Wozniak's close friends, who nicknamed him "Woz," would later marvel at his ingenious, electronically-inspired pranks — like the time, in the 1970s, he built a machine that could tap into international telephone lines. At one point, he managed to dial into an office in the Vatican, and pretended to be U.S. Secretary of State Henry Kissinger.

But in March of 1975, Wozniak and fellow prankster and high-school friend Steve Jobs got serious about computers. They helped start a group they called the Homebrew Computer Club.

The club's mission, Wozniak says, was "to bring computer technology within the range of average people, and make it affordable and easily understood." At that time, only big companies like IBM had computers. Steve Wozniak wanted to start a computer revolution — in his words, a tool that would lead to social justice.

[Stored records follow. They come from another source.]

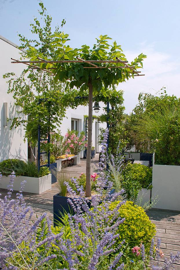 Ces bacs crées sur mesure, de hauteur et largeurs variables, créent un rythme permettant de rompre la linéarité de la terrasse.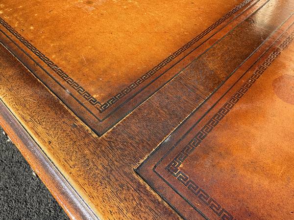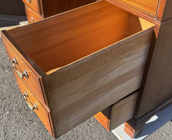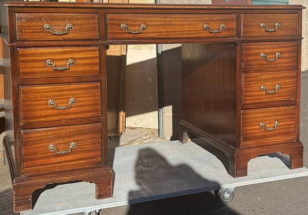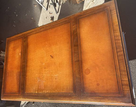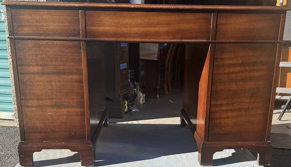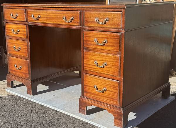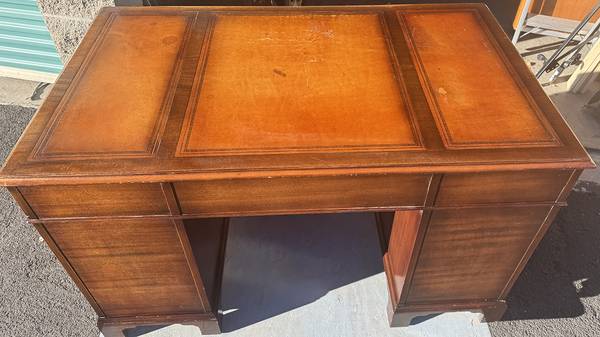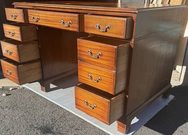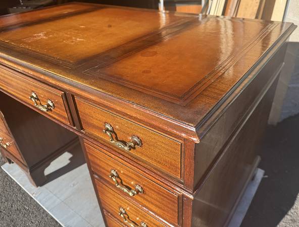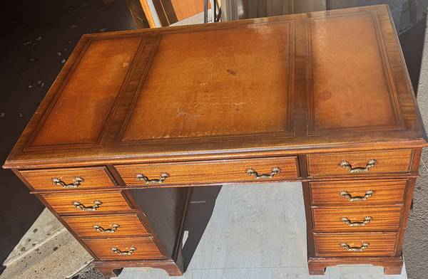 Vintage 8 Drawer Leather Top Executive Desk Bail Pulls Finished Back by Maddox $240 firm 48" wide x 28" deep x 30" tall Click "more ads by this user" to see more desks $60 curbside delivery for...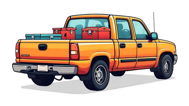 Orange Pickup Truck Loaded with Red and Blue Toolboxes in Bed

As Wozniak saw it, "low-cost computers would empower people to do things they never could before." The same year the club started, Wozniak invented the first personal computer, partly inspired, he says, by his job designing calculators for the Hewlett-Packard technology company.

"I said, 'You know, our calculators at Hewlet-Packard really are computers. They hide the computer inside and put a human calculator pad on the front of the machine. Why don't I do that? Why don't I just get a keyboard I can type on and put a little program in, so when you start up the computer, the program says, 'What's being typed? What's being typed?' — and waits for you to type things, saves it, and lets you type in commands, rather than having to toggle them in on dumb little switches?"

Wozniak's personal computer — assembled, famously, in Steve Job's family garage — was the first in history to have a typewriter-style keyboard and a television-like screen. In 1976, he and Jobs co-founded the Apple Computer company and started selling computers to local dealers. Why the name "Apple?"

"'Apple' is a good, healthy word for the home," Wozniak explains. "Everybody has apples at home. We were going to build computers for the home. 'An apple a day' for the teacher — you know, good-sounding things. So you didn't need a big, technical name for this small computer."

Steve Wozniak will always be remembered for inventing the personal computer. In 2000, he was inducted into the National Inventors Hall of Fame. But he says the time he's valued most was the nine years he spent teaching public elementary school in the 1990s — as well as the private time with his three children. His inventions have earned him millions of dollars — and over the years he's given away millions to support charitable groups, educational technology initiatives and international exchange programs. He's seen adversity, too — surviving a private airplane crash in 1981 that erased his memory for five weeks.

Steve Wozniak got his memories back, thankfully, and he's sharing them in his new autobiography titled "iWoz — How I Invented the Personal Computer, Co-founded Apple, and Had Fun Doing It."